Excess Deaths Changes to Methodology

Date published: 20 February 2024

Today ONS published a new UK-wide methodology for estimating expected deaths, used in the calculation of excess deaths.

Excess deaths

‘Excess deaths’ is the term used to describe how the number of deaths observed (registered) during a certain period differs from the number of deaths that might be expected (also known as the baseline) during that period, in ‘usual’ circumstances. Although named ‘excess’, the difference can be in either direction, that is, there could be more of fewer deaths than would be expected in a defined period.

Excess deaths = Observed deaths - Expected deaths

Change in Methodology

Previously the UK statistical agencies (NISRA, NRA and ONS) used a relatively simple method to compare the number of deaths registered in the current reference period with an expected number based on a five-year average of the count of deaths registered during the same period in previous years.

The increased interest in deaths data, and excess deaths specifically, during the pandemic, showed that organisations and government departments across the UK were using a number of different methods to calculate an estimate of expected deaths.
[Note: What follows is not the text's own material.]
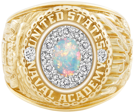 Our high quality anchors aweigh™ class ring centerpieces and large diamond dividers come with an exclusively low price available only to USNA Midshipmen and Alumni.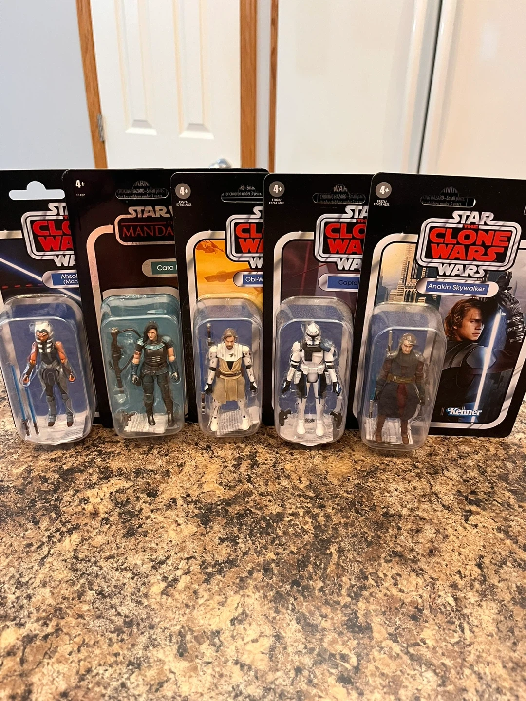 Selling a collection of Star Wars action figures from The Clone Wars and The Mandalorian series! All figures are brand new and still in their original packaging. These are Kenner versions, making them a great addition to any Star Wars collection. Each figure comes with its accessories as seen in the photos. Available characters include Obi-Wan Kenobi, Captain Rex, Anakin Skywalker, Cara Dune, Ahsoka Tano and Mandalorian.

It highlighted the need for a single, harmonised approach to facilitate comparisons and the production of a single UK estimate. A cross-UK working group, led by ONS, was set up to take this work forward over the last year.

This morning, ONS published a methodology paper outlining the new, agreed model for estimating excess deaths along with data tables giving a back series of excess deaths data based on the new approach. ONS have also published a blog detailing the background to this work.

Northern Ireland Excess deaths

To supplement the ONS documents, NISRA has produced a summary information paper on the change in methodology and the impact to NI excess deaths specifically. In addition, for user convenience, the NI specific data published by ONS has been extracted into separate tables and are available alongside the information paper.